[BUG] Pararell builds result in different module content
setuptools version
67.7.2
Python version
3.11.3
OS
Gentoo
Additional environment information
This is environment independent and will reproduce on any OS, and even Python/setuptools version.
Description
If setup.py defines two or more Extension, that share some a common source file (e.g. helpers.c containing helper functions used from both extensions) , then this file is compiled multiple times (which is not expected, but tolerable). But, when running parallel build, these compilers spawn to build said common file(s) step on each other toes and overwrite each other's result. For the best experience let compiler/linker process .o file further, e.g. by turning on LTO.
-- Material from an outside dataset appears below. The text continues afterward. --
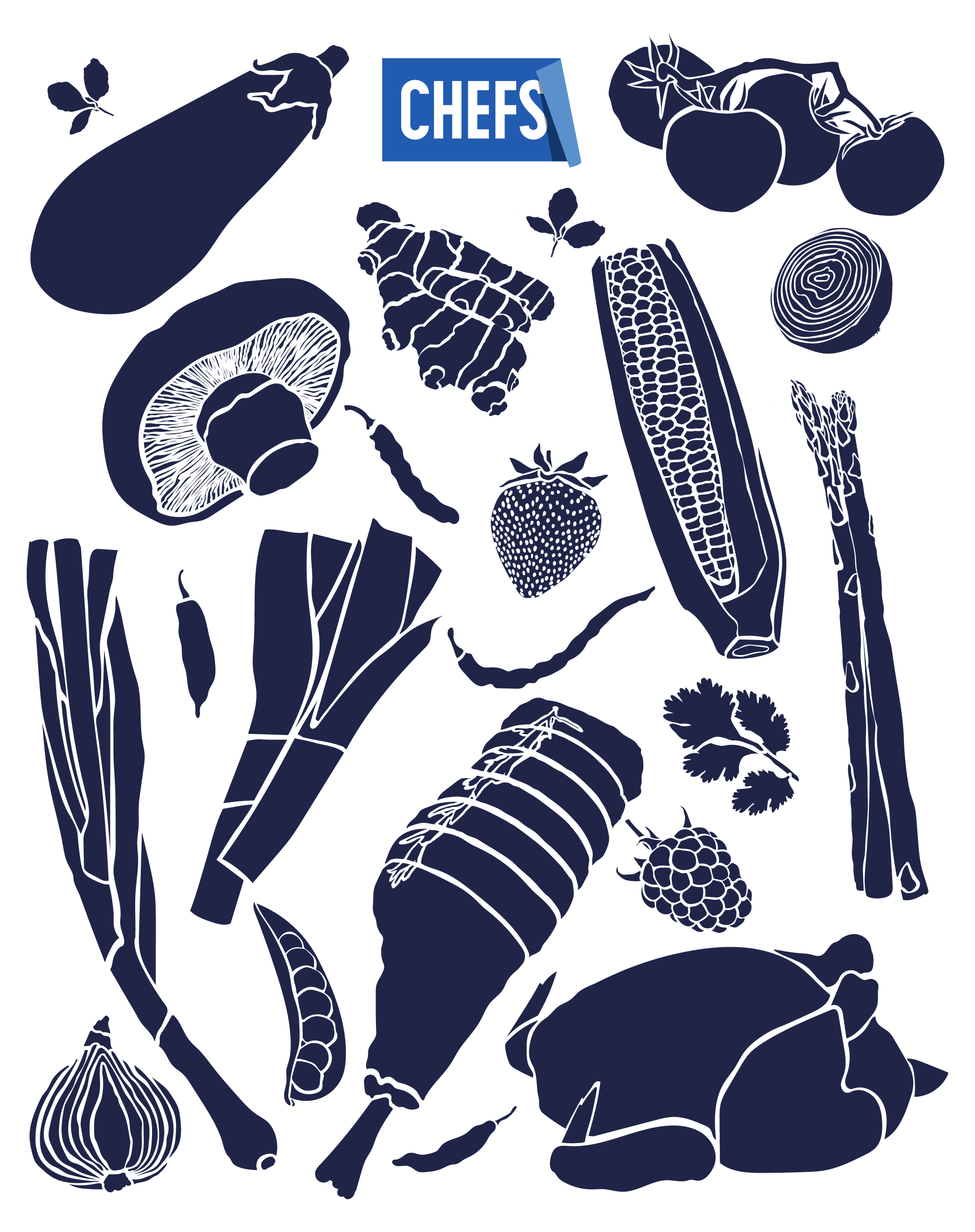 Inspired by the common practice of using handwritten labels in kitchen storage, the CHEFS logo was designed to reference this system of organisation. Head chef Jenny Ward’s preference for blue masking tape informed the colour palette, creating a simple yet striking visual identity that reflected the restaurant’s off-the-cuff approach to food and deep respect for kitchen professionalism.

I've originally met a variation of this bug here: https://bugs.gentoo.org/907718
And an example of a project that declares multiple Extension-s and yet uses this common helpers file is: https://gitlab.com/libvirt/libvirt-python/
In the Gentoo bug, there's a different variation of this very bug to be seen: after gcc produced libvirt-utils.o / typewrappers.o the linker started doing LTO (i.e. lto1 process was spawned), but then another gcc came and started rewriting one of those .o files disrupting already running linker. This is the error that can be found in attachment of the Gentoo bug:
lto1: error: build/temp.linux-x86_64-cpython-310/libvirt-utils.o: file too short
lto1: fatal error: errors during merging of translation units
And before this is disregarded beacuse LTO is unstable/experimental - I have a reproducer below without LTO.
Expected behavior
Build result should not depend on number of parallel jobs.
How to Reproduce
- Clone https://github.com/zippy2/setuptools_reproducer
- Follow steps from
Readme.txt, but basically, it's compiling the minimal reproducer two times: once with-j1and then with-j2to observe difference in resulted modules.
Output
Non-parallel build:
1) ./setup.py build -j1
2) objdump -d build/lib*/mod1*.so | grep -A5 myfunction
0000000000001135 <myfunction>:
1135: 55 push %rbp
1136: 48 89 e5 mov %rsp,%rbp
1139: b8 0c 00 00 00 mov $0xc,%eax
113e: 5d pop %rbp
113f: c3 ret
3) objdump -d build/lib*/mod2*.so | grep -A5 myfunction
0000000000001135 <myfunction>:
1135: 55 push %rbp
1136: 48 89 e5 mov %rsp,%rbp
1139: b8 2a 00 00 00 mov $0x2a,%eax
113e: 5d pop %rbp
113f: c3 ret
As expected, myfunction() returns value 12 for mod1 and value 42 for mod2.
Parallel build:
1) ./setup.py build -j2
2) objdump -d build/lib*/mod1*.so | grep -A5 myfunction
0000000000001135 <myfunction>:
1135: 55 push %rbp
1136: 48 89 e5 mov %rsp,%rbp
1139: b8 2a 00 00 00 mov $0x2a,%eax
113e: 5d pop %rbp
113f: c3 ret
3) objdump -d build/lib*/mod2*.so | grep -A5 myfunction
0000000000001135 <myfunction>:
1135: 55 push %rbp
1136: 48 89 e5 mov %rsp,%rbp
1139: b8 2a 00 00 00 mov $0x2a,%eax
113e: 5d pop %rbp
113f: c3 ret
This was also https://github.com/python/cpython/issues/87625 which has a reproducible test case. I recently hit it with https://github.com/sagemath/pplpy/ where several extensions share the same source file.
It's likely hard to solve since the solution is to get a fully defined project-wide build graph like a Makefile / ninja file, which would require serious rearchitecting of setuptools to accomplish.
pplpy could port to meson-python as I think sagemath is already interested in this (ppl_shim.cc can then become an object library linked into each extension), or somehow enforce -j1.
Unfortunately, meson-python is too new for anything that aims to support a non-bleeding edge distro (like CentOS Stream 9, Ubuntu 22.04, OpenSuse Leap 15, etc.) which is sensible requirement for any mature project. I mean, in libvirt we have a policy which grants users a transition period of two years to adapt to new major release. OTOH, I must say that rewriting libvirt-python (though, only locally for now) feels much cleaner than setuptools.
So setuptools is not willing to fix it, yet we can't use meson-python. What a pickle.